Ian Burns
- Full name: Ian George Burns
- Born: 7 December 1955 Dublin, Ireland
- Died: 30 July 2014 (aged 58) Connemara, Ireland

Rugby union career
- Position(s): Fly-half

International career
- Years: Team / Apps / (Points)
- 1980: Ireland / 1 / (0)

= Ian Burns (rugby union) =

Irish rugby union player

Ian George Burns (7 December 1955 – 18 January 2010) was an Irish businessman and rugby union international.

Burns was born in Dublin and educated at The High School, Dublin. The fly-half in the school side, he formed a half-back partnership with John Robbie (a future Ireland player) that was instrumental to them winning the Leinster Schools Senior Cup for the first time in 1973. He captained Dublin club Wanderers and played for Leinster in provincial rugby.
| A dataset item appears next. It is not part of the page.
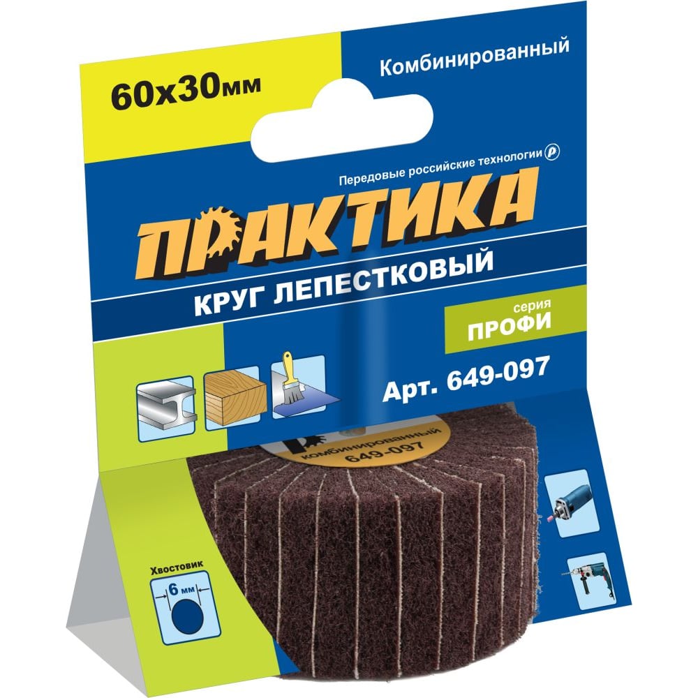 Круг лепестковый комбинированный с оправкой (60х30 мм) ПРАКТИКА 649-097

In the 1980 Five Nations Championship, Burns earned his only Ireland cap against England at Twickenham, coming on as a substitute for injured centre Paul McNaughton during the first half. England won the match 24–9.

As a cricketer, Burns played 26 seasons with the YMCA Cricket Club and featured in seven Leinster Senior Cup titles.

Burns founded REDjet, a short-lived low-cost airline based in the Caribbean.